An eval loop is the editor-agent counterpart to the writer agent.

Without one, you have an AI writer producing drafts that are mostly fine, sometimes great, occasionally terrible, and consistently inconsistent. With one, you have a pipeline that ships predictable output every time, gets better as the brief library compounds, and surfaces real signal when something is wrong.

The eval loop is the part of an agentic SEO pipeline most teams underbuild. It is also the part that does the most work. Here is what mine contains and how it behaves in production.

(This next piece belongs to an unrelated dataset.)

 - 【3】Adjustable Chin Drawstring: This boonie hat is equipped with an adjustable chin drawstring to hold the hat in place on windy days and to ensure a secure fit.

What an eval loop actually is

A small definition. An eval loop is a programmatic review stage where an editor agent scores each writer-agent draft against a fixed rubric, returns failures to the writer with specific reasons, and only ships drafts that pass.

The loop has three properties.

Programmatic. Runs without a human in the path. If a human has to click “approve” every time, you have a workflow, not an eval loop.

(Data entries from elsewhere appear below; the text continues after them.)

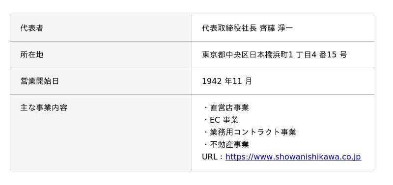 昭和西川株式会社( 以下、昭和西川) が直接運営する3 店舗での販売取次を、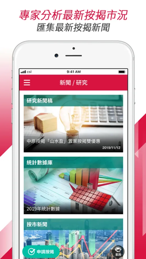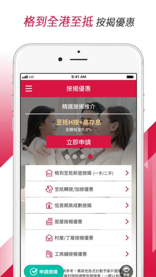 本軟件結合提供多元化功能,讓您緊貼樓按最新資訊,計劃置業財務安排,並可即時提交按揭轉介申請。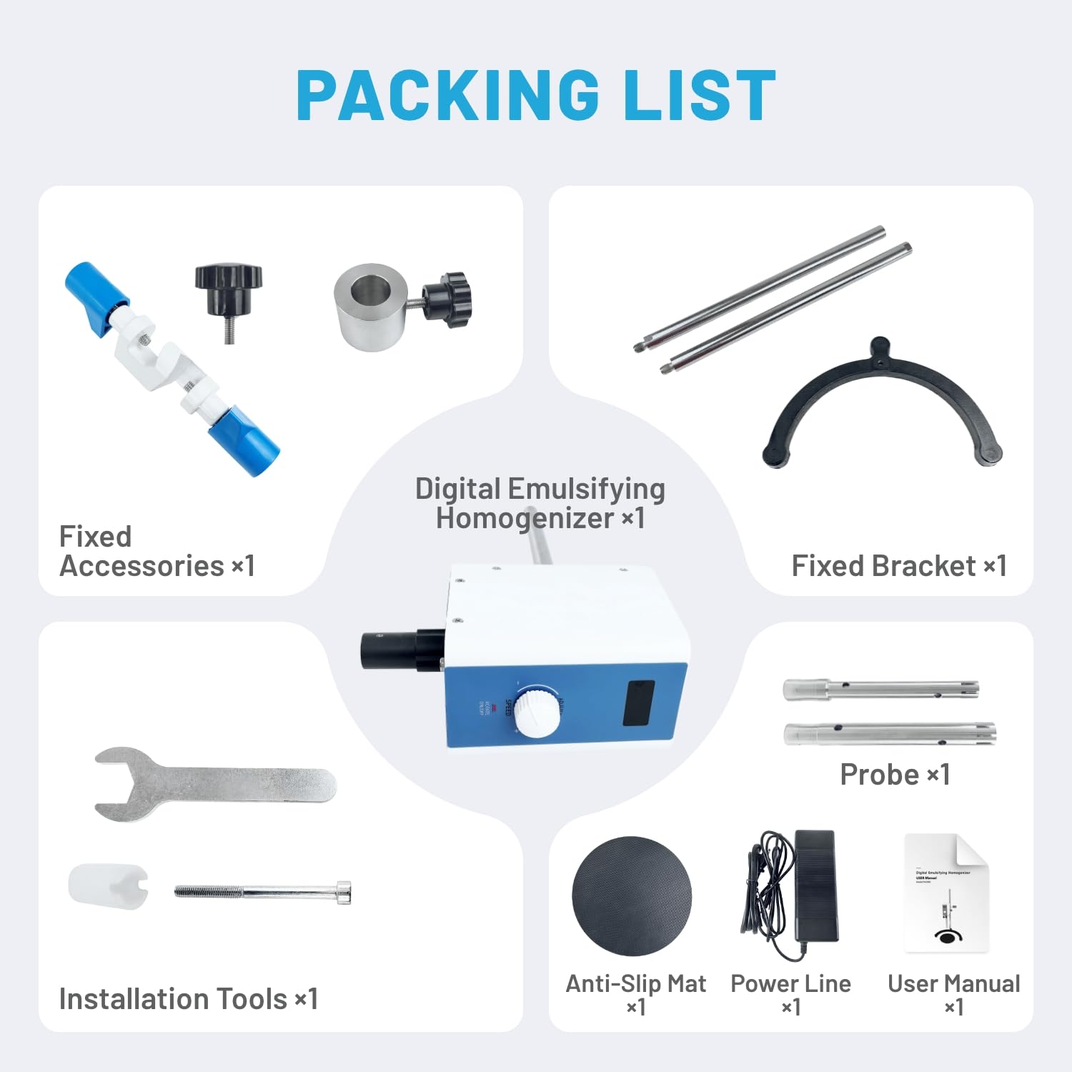High speed: The homogenizer emulsifier has high speed and powerful performance. The maximum speed can reach 20000 rpm for efficient emulsification

Pass-fail per axis. Each rubric axis returns a yes or no. Numeric scores feel more rigorous but degrade fast — the editor invents fake distinctions that do not survive replay.

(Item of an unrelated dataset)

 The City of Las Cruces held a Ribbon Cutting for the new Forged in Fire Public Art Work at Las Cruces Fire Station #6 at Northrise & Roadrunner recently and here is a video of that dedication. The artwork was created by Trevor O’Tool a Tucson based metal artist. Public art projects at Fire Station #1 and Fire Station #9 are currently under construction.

Bounded retry. Maximum two or three rewrite cycles, then escalate to a human. Without bounds, the loop will burn API spend forever on drafts that have a brief problem, not a draft problem.

The six-stage pipeline diagram above is the practical shape. Brief, draft, score, rewrite if fail, re-score, ship or escalate.

The 6-axis rubric

After running this on 8 client pipelines, the same six axes appear in every rubric that produces shippable output. Adding more makes the loop noisier. Cutting any one weakens the catch rate.

1. Entity coverage

The brief specifies 5 to 12 named entities (see brief templates for AI writers). The editor verifies each entity appears in the draft at least once, in a meaningful sentence — not a footnote, not a passing reference.

Why it matters. Entity coverage is a top-three GEO citation signal. A draft that drops three required entities loses citation eligibility for the queries those entities anchor. See entity-based SEO.

2. Evidence density

The brief specifies an evidence floor: e.g., “3+ verifiable numbers per H2, 2+ outbound citations to primary sources.” The editor counts. Fails if the floor is not met.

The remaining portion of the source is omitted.